C’est une nouvelle réalité. Dans un nombre croissant d’entreprises, le DRH et le CFO présentent ensemble les résultats avec un tableau de bord croisant les données financières et humaines.
Le turnover n’est plus un pourcentage abstrait mais un impact chiffré sur le résultat. La formation n’est plus une dépense mais un investissement avec son ROI documenté. L’absentéisme n’est plus une fatalité mais un risque anticipé et géré. Ce guide présente 7 KPI qui permettent de construire ce langage commun et booster la gestion des talents.
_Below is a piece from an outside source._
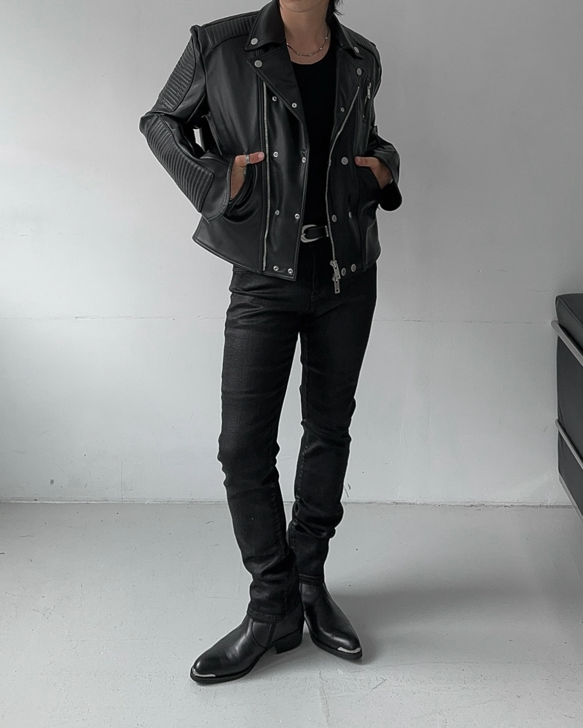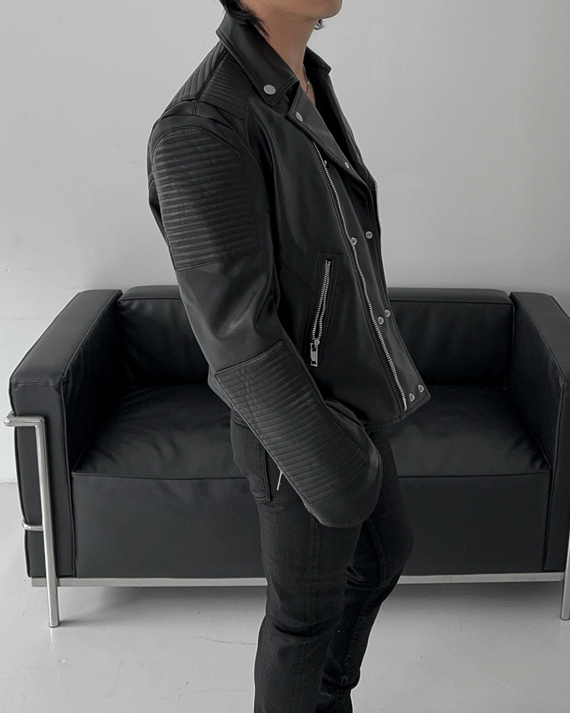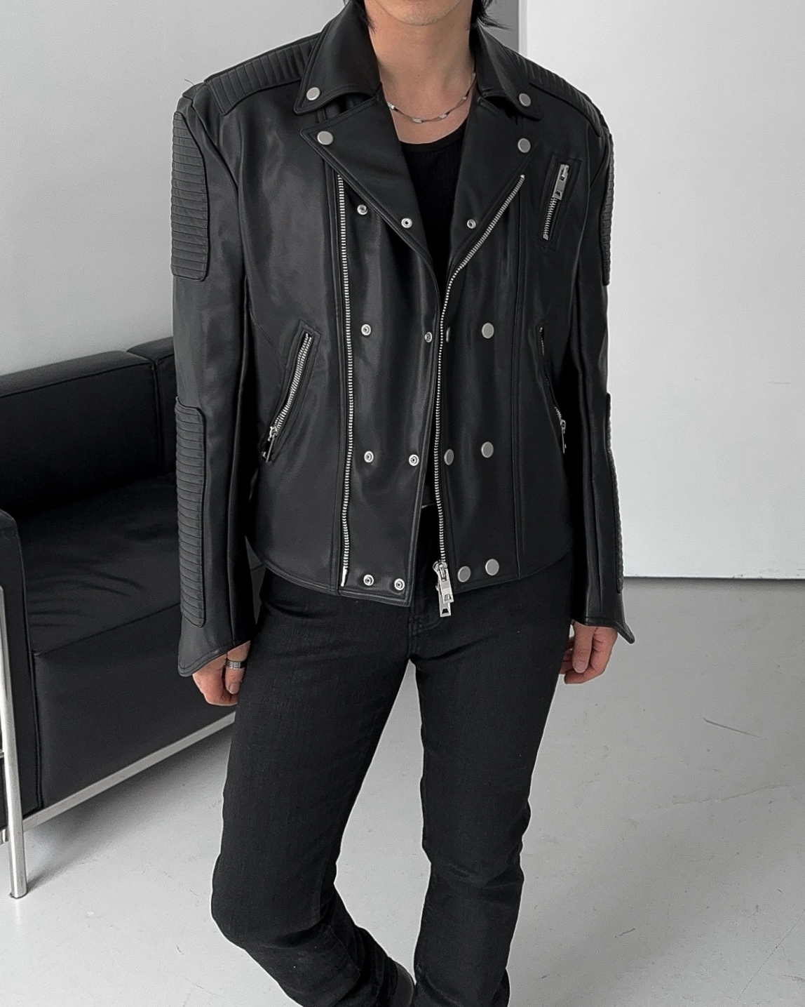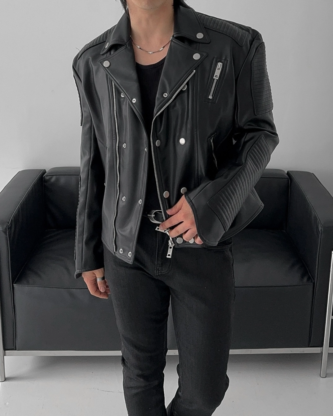 - 採用優質皮革面料製成的騎士夾克

Suivre ce KPI permet d’anticiper les impacts budgétaires et de justifier les investissements en rétention.
En Suisse, le turnover moyen – environ 11 % pour un salarié en CDI – coûte entre 50 % du salaire annuel pour un profil junior et 100 % pour un senior, expert ou un poste de direction. Pour une entreprise suisse de 200 collaborateurs, 22 départs représentent donc entre 924’000 et 3’718’000 CHF en coûts directs (recrutement, onboarding) et indirects (baisse de productivité, montée en compétences).
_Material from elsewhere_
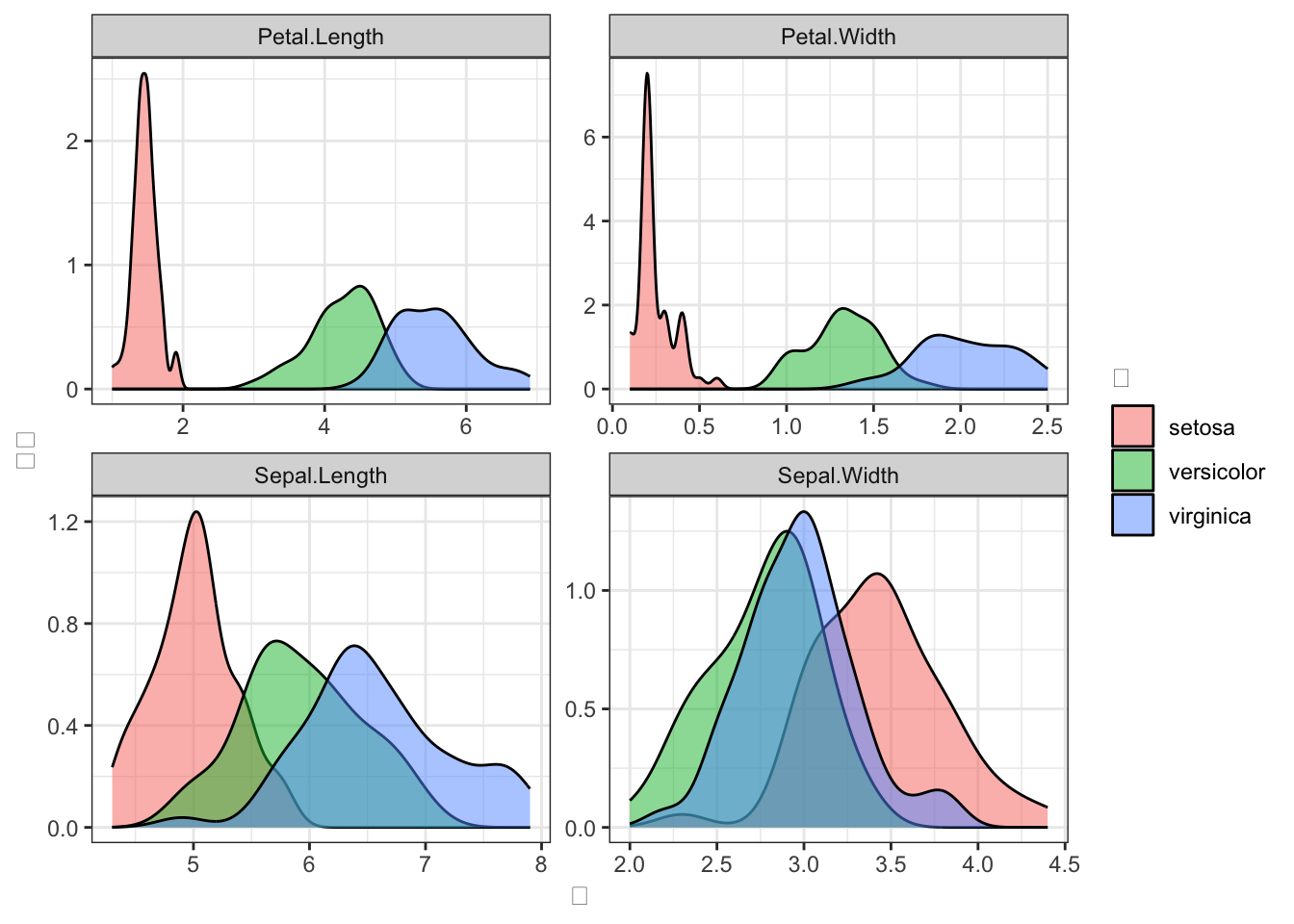ggplot2::labs(x = "値", y = "密度", fill = "種") +

Le recrutement interne coûte 25 % à 50 % moins cher que l’externe. En Suisse, où le chômage est bas, un recrutement externe oblige à s’aligner sur les salaires du marché : +11 % en un an pour un comptable, +18 % pour un cadre commercial, +24 % pour une fonction juridique, selon le baromètre 2025 Michael Page Suisse.
Aux États-Unis, les DRH utilisent déjà l’IA pour optimiser le recrutement. Selon une étude McKinsey, les analytics prédictifs réduisent le temps de recrutement de 50 %.
Identifier les départs 6 mois à l’avance permet d’optimiser les budgets de rétention pour retenir les talents.
Le Flight Risk Score identifie les salariés à risque élevé de départ 3 à 6 mois avant leur décision. Déjà utilisé par HP et IBM, ces outils sont aussi accessibles aux entreprises de taille moyenne grâce à des méthodologies simplifiées.
Le niveau de base nécessite une grille de scoring trimestrielle croisant 6 variables : ancienneté, écart salarial avec le marché, évolution de la performance, absentéisme, participation aux formations, feedback manager. Chaque variable reçoit un score de 0 à 3 (total sur 18). Le seuil d’alerte est à 8, une action immédiate à plus de 10.
Une fiduciaire lausannoise de 85 personnes (salaire moyen 92’000 CHF, turnover 13 %) identifie 14 salariés en zone critique (score > 10).
Elle investit 180’000 CHF pour retenir ses talents : augmentations salariales, formations certifiantes, projets motivants, réorganisations d’équipe.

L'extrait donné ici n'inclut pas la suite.